Tanya Dubash (born 1968) is an Indian businesswoman, and an executive director and chief brand officer  at the Godrej Group,  and is known for taking up the responsibility for a rebranding exercise in 2008, Godrej Masterbrand Strategy. She serves on the boards of Godrej Industries Limited, Godrej Consumer Products Limited, Godrej Agrovet Limited. She was a board member of Bhartiya Mahila Bank and a trustee of Brown University. She is the elder daughter of the industrialist Adi Godrej.

Education 
Dubash attended The Cathedral & John Connon School, and is an A.B. (cum laude) in Economics & Political Science from Brown University, USA, and an alumna of Harvard Business School.

Career 
Dubash serves as the executive director and Chief Brand Officer of Godrej Industries Ltd. and is responsible for the Godrej Group's brand and communications function, including guiding the Godrej Masterbrand. She is the Director of Godrej Remote Services Ltd and Ensemble Holdings & Finance Ltd. She is a director of Godrej Industries Limited, Godrej Consumer Products Limited and Godrej Agrovet Limited and Godrej Finance Limited.

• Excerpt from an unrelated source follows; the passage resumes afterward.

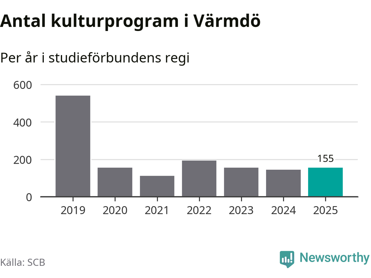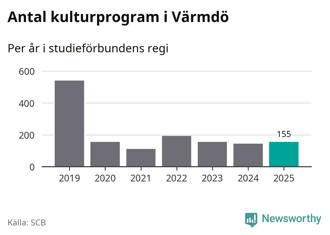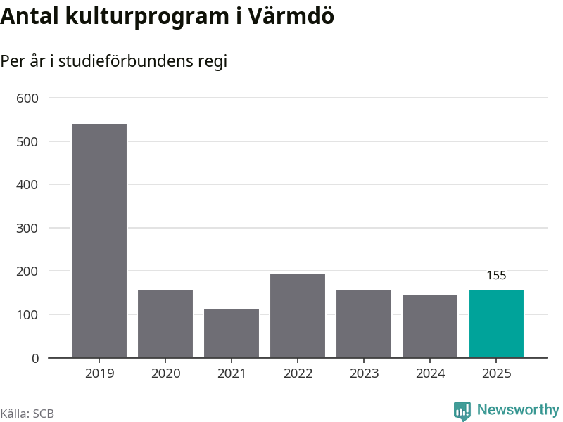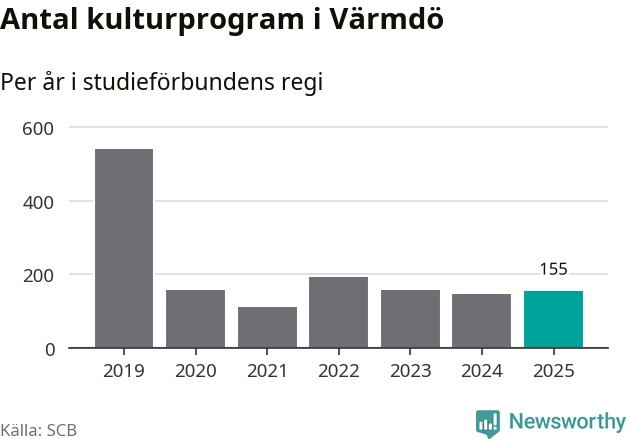 I Värmdö är minskningen ännu större: förra året hade studieförbunden omkring 5 700 studietimmar i kommunen, vilket är en minskning med nio procent jämfört med året innan. Men medan studiecirklar och annan folkbildningsverksamhet minskade ökade faktiskt antalet kulturarrangemang i studieförbundens regi från knappt 150 till knappt 160.
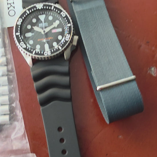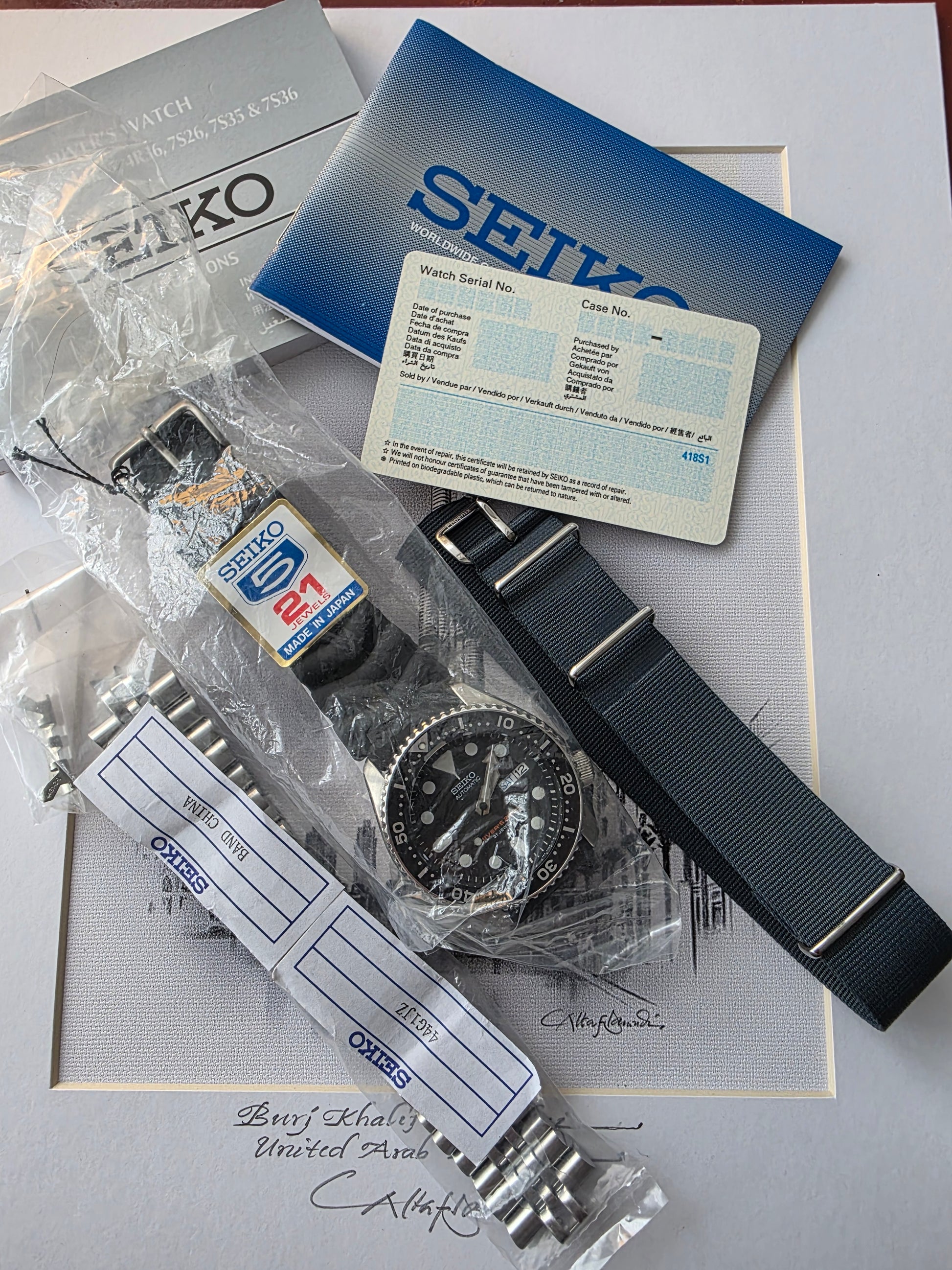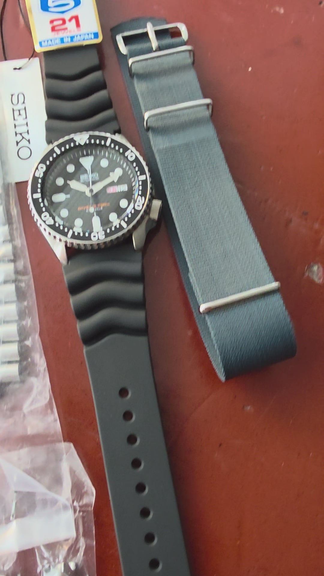 A museum piece. NOS SKX007 comes in the factory Rubber bracelet, also included is Seiko Jubille bracelet & a 22mm Phoenix Admiralty Grey Nylon Strap.

Other boards and committees 
Dubash was a Trustee of Brown University between 2012 and 2018. She is also a member of the Brown India Advisory Council and is on the Watson Institute board of overseers. Dubash was a member on the board of the Bharatiya Mahila Bank between November 2013 and May 2015. She serves on the board of Customer Value Foundation, AIESEC India and India@75.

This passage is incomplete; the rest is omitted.